Alison Deans of Varick Asset Management warned that there could be more weakness for stocks over the next few months but said that cyclicals are a place investors will want to be longer term.
"My feeling is there will be a leadership change," she said. "As we start to see the economy pick up, corporations are going to start reinvesting capital, consumers are going to start spending more money. So, I think those industries are more economically sensitive."
JPMorgan's bullish U.S. equity strategist, Thomas Lee, also sees the longer-term case for technology.
"I think one of the more important stories over the next three to five years is if we're in a regime shift of rising rates and the U.S. economy is strengthening—everyone is going to focus on cyclical profit growth, and that's going to favor the cyclical stocks," he said.
Tech, in particular, is cheap compared with defensive areas such as consumer staples.
"If technology is trading at a 13 times price/earnings and staples are nearly 20 times but you're getting almost the same EPS growth, similar dividend yields, maybe it makes sense to be buying some of these technology stocks," Lee said.
(Read More: 'Underlying Bullish Story' for Stocks: Strategist)
But which ones?
Head in the Cloud
Cloud computing and mobility have been among the big themes in tech investing.
Last week, Goldman Sachs upped its view on software and certain areas of the Internet space to attractive from neutral, citing the potential for an acceleration in the economy and IT spending in the second half. That could lead the group to outperform, the analysts say.
The broker put cloud-computing play Salesforce.com on its Conviction Buy list.
"We continue to view CRM as one of the premier growth stories in software as it continues to expand its footprint and define new product categories," Goldman analysts wrote in a research note. "With the stock down 10 percent year-to-date vs. the S&P 500 up 14 percent we see getting [the fiscal first quarter] out of the way and accelerating bookings growth in the balance of the year making CRM an attractive candidate to 'catch-up.' "
Goldman's note didn't mention CRM's acquisition of ExactTarget for about $2.5 billion.
(Read More: Cramer Wary of Salesforce.com's Latest 'Land Grab')
Analysts are generally bullish on Salesforce.co, with a median price target of $50, implying nearly 30 percent upside from current levels.
Intel Catches an Upgrade ... and a Downgrade
Intel, a relative outperformer over the past month, caught an upgrade to outperform from FBR Capital Markets. According to FBR, Intel may be able to offset falling PC sales will initiatives in networking and foundry.
"We now believe the company has enough new avenues of opportunity to replace a large swath of lost PC units," the brokerage wrote.
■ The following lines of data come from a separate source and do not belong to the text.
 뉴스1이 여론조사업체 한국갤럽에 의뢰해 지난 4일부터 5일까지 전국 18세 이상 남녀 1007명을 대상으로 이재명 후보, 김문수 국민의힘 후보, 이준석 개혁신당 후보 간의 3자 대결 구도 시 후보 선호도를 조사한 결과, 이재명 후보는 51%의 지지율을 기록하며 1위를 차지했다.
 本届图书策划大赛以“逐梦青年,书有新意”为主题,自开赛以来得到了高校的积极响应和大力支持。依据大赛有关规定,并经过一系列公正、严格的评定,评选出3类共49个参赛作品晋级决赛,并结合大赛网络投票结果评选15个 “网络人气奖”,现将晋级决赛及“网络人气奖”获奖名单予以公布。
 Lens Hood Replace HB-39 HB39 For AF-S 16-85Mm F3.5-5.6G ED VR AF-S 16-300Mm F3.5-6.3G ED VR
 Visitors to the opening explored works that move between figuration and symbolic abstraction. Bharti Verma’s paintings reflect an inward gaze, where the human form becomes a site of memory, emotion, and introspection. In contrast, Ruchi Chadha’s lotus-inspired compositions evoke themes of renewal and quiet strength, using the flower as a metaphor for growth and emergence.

Turning around its fortunes in mobile chips could also help, the analysts said. Intel recently unveiled mobile chip technology Silvermont, which promises better performance and less power consumption.
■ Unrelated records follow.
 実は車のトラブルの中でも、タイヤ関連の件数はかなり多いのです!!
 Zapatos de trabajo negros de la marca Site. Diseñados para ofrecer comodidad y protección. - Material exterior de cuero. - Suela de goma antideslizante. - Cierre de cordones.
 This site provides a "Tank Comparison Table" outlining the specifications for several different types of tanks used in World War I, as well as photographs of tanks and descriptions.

Other analysts are less convinced.
Piper Jaffray cut Intel to underweight, writing in a research note, "The optimism around the new CEO, Silvermont and the launch of Haswell has caused shares to rise, though we believe underlying fundamentals remain unchanged and the company's core PC business is in a state of decline."
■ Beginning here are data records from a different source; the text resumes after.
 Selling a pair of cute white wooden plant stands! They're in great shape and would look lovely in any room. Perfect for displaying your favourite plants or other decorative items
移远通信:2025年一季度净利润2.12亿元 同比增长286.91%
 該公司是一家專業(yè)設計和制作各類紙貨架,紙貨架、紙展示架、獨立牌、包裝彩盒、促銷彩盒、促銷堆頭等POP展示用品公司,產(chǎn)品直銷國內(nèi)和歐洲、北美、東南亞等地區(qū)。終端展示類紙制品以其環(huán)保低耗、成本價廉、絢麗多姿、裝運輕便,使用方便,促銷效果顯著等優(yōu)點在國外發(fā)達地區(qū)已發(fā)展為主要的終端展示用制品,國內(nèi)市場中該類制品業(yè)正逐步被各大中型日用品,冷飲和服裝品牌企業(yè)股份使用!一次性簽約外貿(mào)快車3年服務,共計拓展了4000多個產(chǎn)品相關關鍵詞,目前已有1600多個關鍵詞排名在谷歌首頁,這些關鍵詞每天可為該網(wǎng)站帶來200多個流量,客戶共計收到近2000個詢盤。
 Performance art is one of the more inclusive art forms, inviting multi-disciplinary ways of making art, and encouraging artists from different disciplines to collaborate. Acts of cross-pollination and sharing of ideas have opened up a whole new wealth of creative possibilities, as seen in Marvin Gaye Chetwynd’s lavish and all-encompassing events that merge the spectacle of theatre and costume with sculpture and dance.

Their $20 price target on the stock implies about 20 percent downside.
Time to Love Apple Again?
Now that Apple has detailed plans to return more cash to shareholders, attention has returned to its product lineup.
Wall Street has been hoping that innovations will renew the excitement that once surrounded the stock. And Apple may start to do that at the developers conference that begins Monday, analysts said.
(Read More: Guess Which Tech Giant Is Beating Apple and Google)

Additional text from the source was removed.